─── WORKING DATA ───
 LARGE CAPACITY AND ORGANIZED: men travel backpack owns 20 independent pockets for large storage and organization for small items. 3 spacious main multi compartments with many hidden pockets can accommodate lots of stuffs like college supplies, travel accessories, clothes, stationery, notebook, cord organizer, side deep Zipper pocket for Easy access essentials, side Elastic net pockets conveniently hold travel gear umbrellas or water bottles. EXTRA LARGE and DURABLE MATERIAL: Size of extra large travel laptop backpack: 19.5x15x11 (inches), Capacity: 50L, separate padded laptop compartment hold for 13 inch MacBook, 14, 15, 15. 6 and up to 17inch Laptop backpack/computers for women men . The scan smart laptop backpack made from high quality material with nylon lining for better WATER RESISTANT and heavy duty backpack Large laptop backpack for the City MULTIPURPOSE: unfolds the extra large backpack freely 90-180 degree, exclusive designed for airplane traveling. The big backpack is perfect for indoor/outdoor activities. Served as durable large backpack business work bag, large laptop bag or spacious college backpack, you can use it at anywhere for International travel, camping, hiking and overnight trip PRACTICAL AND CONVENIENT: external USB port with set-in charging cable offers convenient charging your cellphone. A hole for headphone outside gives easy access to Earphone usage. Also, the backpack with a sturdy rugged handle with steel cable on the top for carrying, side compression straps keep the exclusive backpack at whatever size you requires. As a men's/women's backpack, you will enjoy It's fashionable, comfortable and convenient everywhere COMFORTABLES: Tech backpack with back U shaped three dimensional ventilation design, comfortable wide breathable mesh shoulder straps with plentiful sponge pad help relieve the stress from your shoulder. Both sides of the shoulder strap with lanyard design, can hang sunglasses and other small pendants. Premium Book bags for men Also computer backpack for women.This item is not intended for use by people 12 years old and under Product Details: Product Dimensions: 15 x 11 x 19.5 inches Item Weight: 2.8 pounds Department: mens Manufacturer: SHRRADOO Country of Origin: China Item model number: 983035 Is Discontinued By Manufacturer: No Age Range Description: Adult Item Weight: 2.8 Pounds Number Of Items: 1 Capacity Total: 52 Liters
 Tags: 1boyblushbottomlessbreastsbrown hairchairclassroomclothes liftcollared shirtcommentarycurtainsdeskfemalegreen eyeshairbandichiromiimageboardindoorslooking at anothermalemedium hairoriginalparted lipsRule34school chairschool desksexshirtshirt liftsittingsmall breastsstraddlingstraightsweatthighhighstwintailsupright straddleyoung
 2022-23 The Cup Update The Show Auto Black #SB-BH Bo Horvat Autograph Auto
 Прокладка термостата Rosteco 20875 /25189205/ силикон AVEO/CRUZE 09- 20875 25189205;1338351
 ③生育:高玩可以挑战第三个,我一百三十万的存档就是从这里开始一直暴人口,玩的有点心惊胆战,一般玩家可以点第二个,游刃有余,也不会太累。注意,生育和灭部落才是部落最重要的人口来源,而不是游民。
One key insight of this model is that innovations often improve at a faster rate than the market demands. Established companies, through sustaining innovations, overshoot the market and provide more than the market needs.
───
### [TASK ITEM]
The expected output is the run of lines from the one holding "③生育:高玩可以挑战第三个,我一百三十万" to the last line of the entries above, each reproduced character for character.

### [RESPONSE TO THIS EXERCISE]
 ③生育:高玩可以挑战第三个,我一百三十万的存档就是从这里开始一直暴人口,玩的有点心惊胆战,一般玩家可以点第二个,游刃有余,也不会太累。注意,生育和灭部落才是部落最重要的人口来源,而不是游民。
One key insight of this model is that innovations often improve at a faster rate than the market demands. Established companies, through sustaining innovations, overshoot the market and provide more than the market needs.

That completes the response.